## Your instructions
This exercise calls for retyping every line below exactly, with the images omitted.

## Entries shown
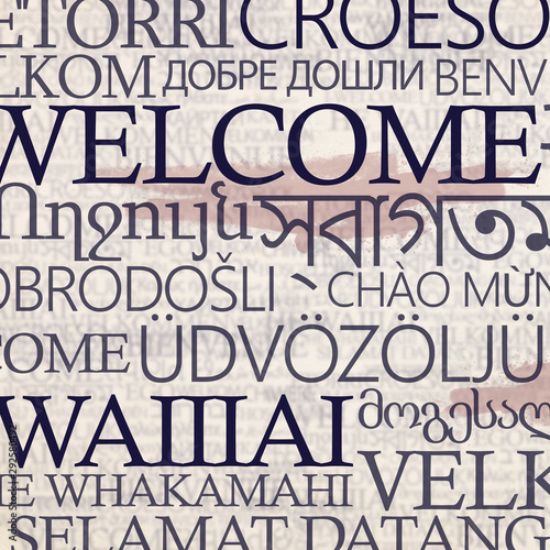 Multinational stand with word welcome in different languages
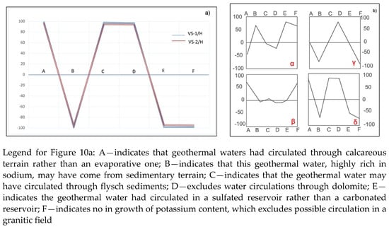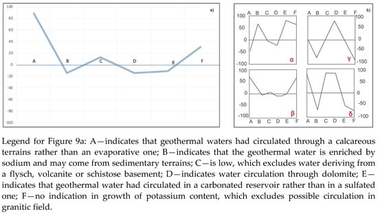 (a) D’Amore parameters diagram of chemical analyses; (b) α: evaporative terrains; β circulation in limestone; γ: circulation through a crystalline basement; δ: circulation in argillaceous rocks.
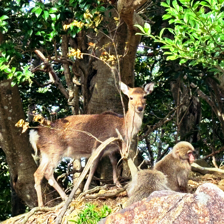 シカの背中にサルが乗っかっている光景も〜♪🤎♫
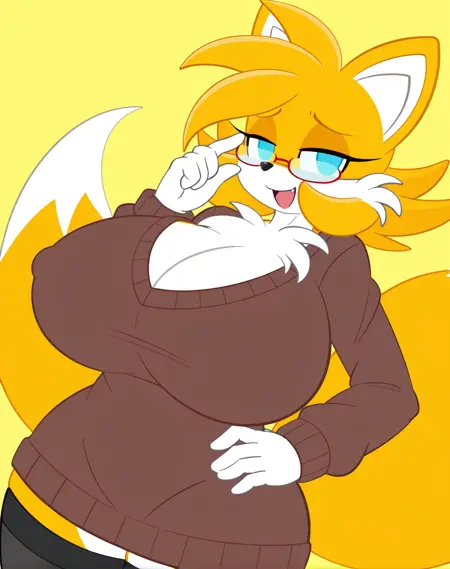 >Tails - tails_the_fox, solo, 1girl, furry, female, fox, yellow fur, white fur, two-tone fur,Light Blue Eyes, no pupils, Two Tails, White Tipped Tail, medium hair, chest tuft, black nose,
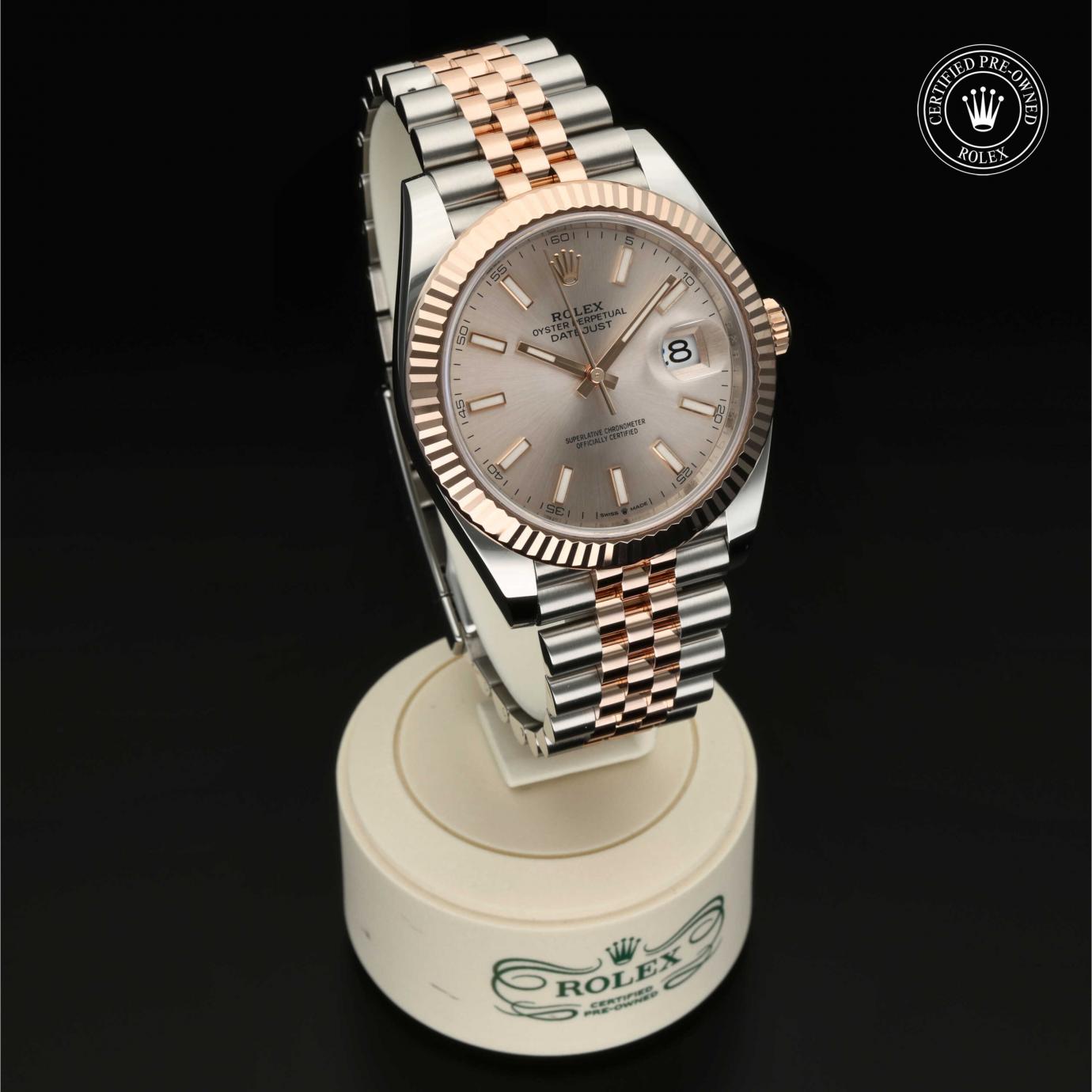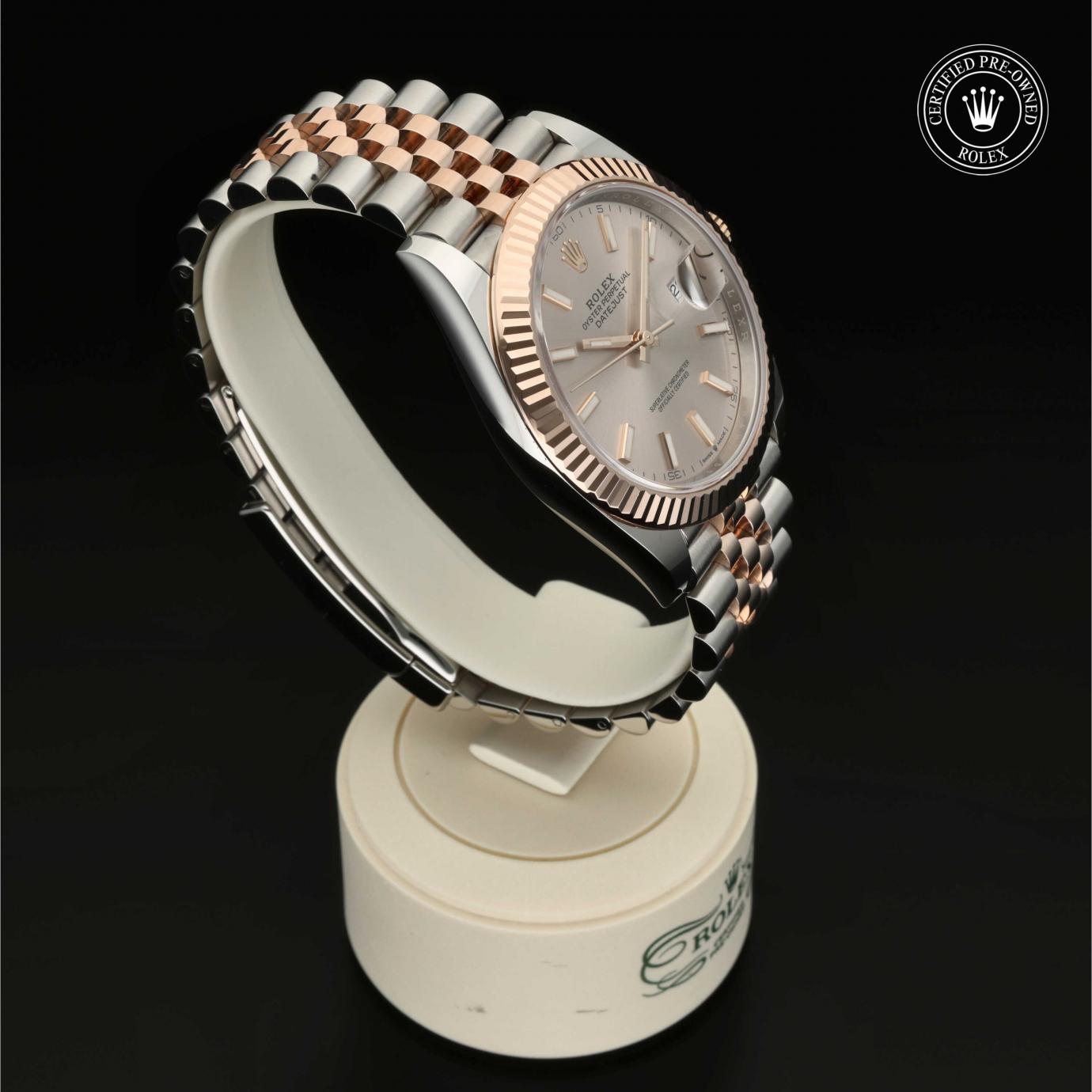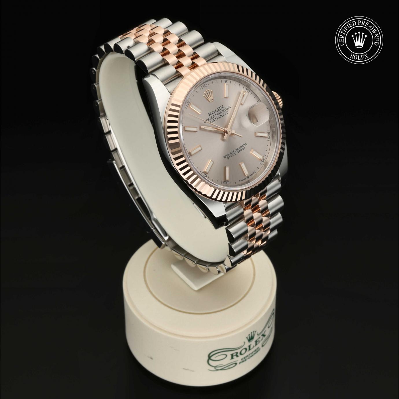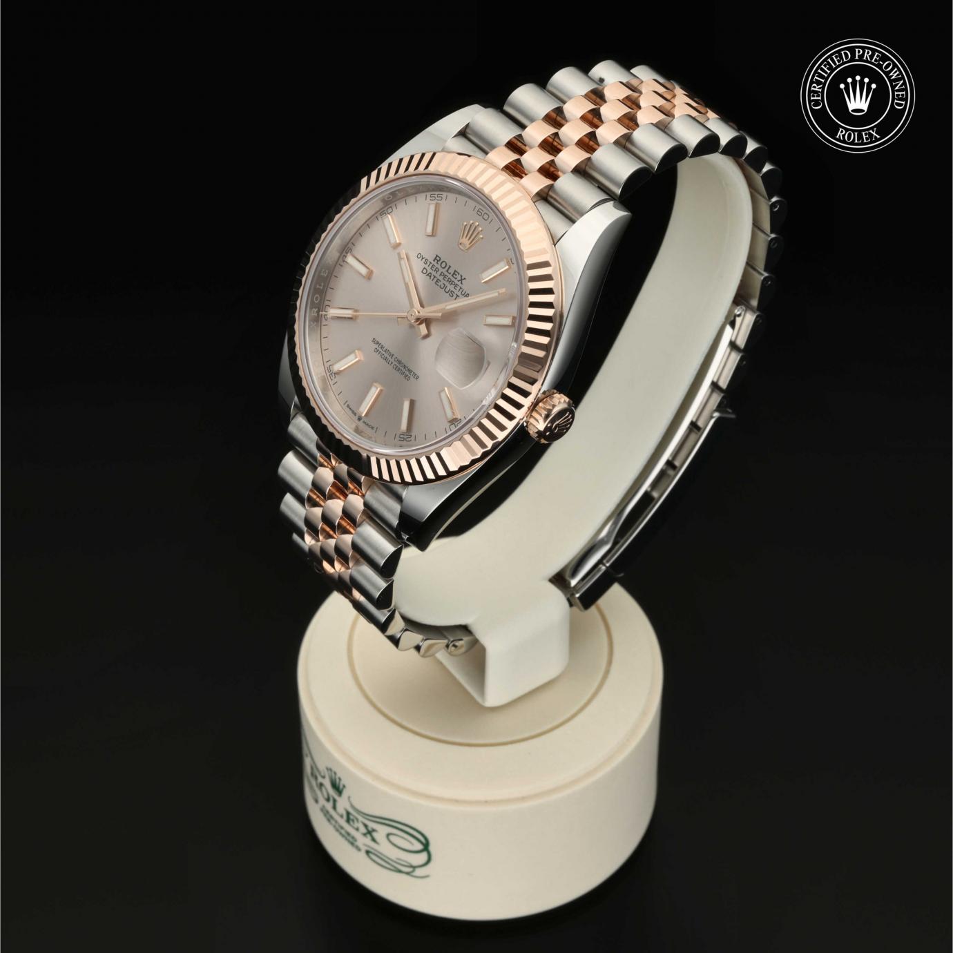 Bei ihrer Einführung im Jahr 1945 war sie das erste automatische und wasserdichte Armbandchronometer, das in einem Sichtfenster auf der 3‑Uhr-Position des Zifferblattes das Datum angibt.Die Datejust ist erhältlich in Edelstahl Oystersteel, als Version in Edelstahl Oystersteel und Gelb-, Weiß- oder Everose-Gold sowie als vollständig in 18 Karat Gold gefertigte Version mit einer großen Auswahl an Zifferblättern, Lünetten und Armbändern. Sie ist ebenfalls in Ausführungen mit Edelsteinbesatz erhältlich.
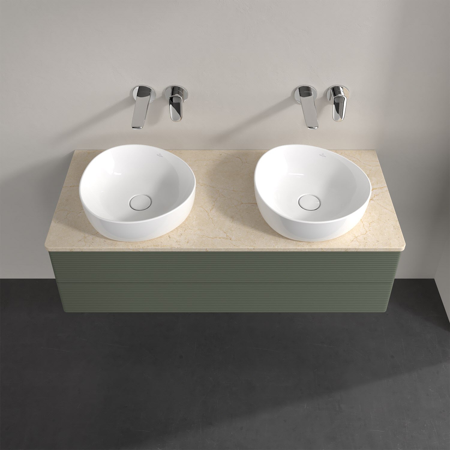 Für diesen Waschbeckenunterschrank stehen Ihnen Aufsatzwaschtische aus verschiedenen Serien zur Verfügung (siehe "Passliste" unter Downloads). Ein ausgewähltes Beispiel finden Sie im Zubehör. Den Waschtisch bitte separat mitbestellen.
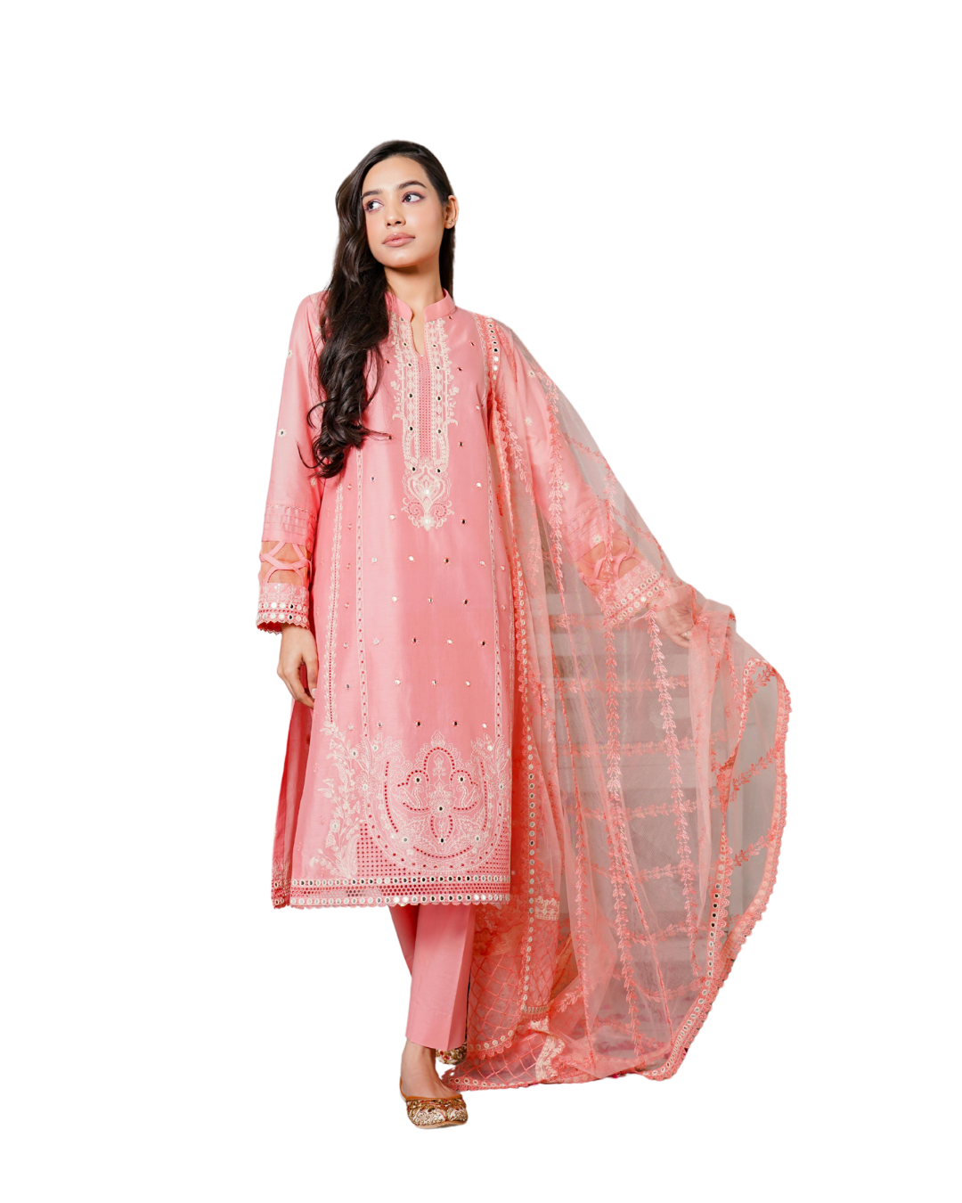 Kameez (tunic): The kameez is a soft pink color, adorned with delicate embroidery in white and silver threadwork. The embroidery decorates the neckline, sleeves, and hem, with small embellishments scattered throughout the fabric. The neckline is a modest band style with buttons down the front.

## Answer section
 Multinational stand with word welcome in different languages
 (a) D’Amore parameters diagram of chemical analyses; (b) α: evaporative terrains; β circulation in limestone; γ: circulation through a crystalline basement; δ: circulation in argillaceous rocks.
 シカの背中にサルが乗っかっている光景も〜♪🤎♫
 >Tails - tails_the_fox, solo, 1girl, furry, female, fox, yellow fur, white fur, two-tone fur,Light Blue Eyes, no pupils, Two Tails, White Tipped Tail, medium hair, chest tuft, black nose,
 Bei ihrer Einführung im Jahr 1945 war sie das erste automatische und wasserdichte Armbandchronometer, das in einem Sichtfenster auf der 3‑Uhr-Position des Zifferblattes das Datum angibt.Die Datejust ist erhältlich in Edelstahl Oystersteel, als Version in Edelstahl Oystersteel und Gelb-, Weiß- oder Everose-Gold sowie als vollständig in 18 Karat Gold gefertigte Version mit einer großen Auswahl an Zifferblättern, Lünetten und Armbändern. Sie ist ebenfalls in Ausführungen mit Edelsteinbesatz erhältlich.
 Für diesen Waschbeckenunterschrank stehen Ihnen Aufsatzwaschtische aus verschiedenen Serien zur Verfügung (siehe "Passliste" unter Downloads). Ein ausgewähltes Beispiel finden Sie im Zubehör. Den Waschtisch bitte separat mitbestellen.
 Kameez (tunic): The kameez is a soft pink color, adorned with delicate embroidery in white and silver threadwork. The embroidery decorates the neckline, sleeves, and hem, with small embellishments scattered throughout the fabric. The neckline is a modest band style with buttons down the front.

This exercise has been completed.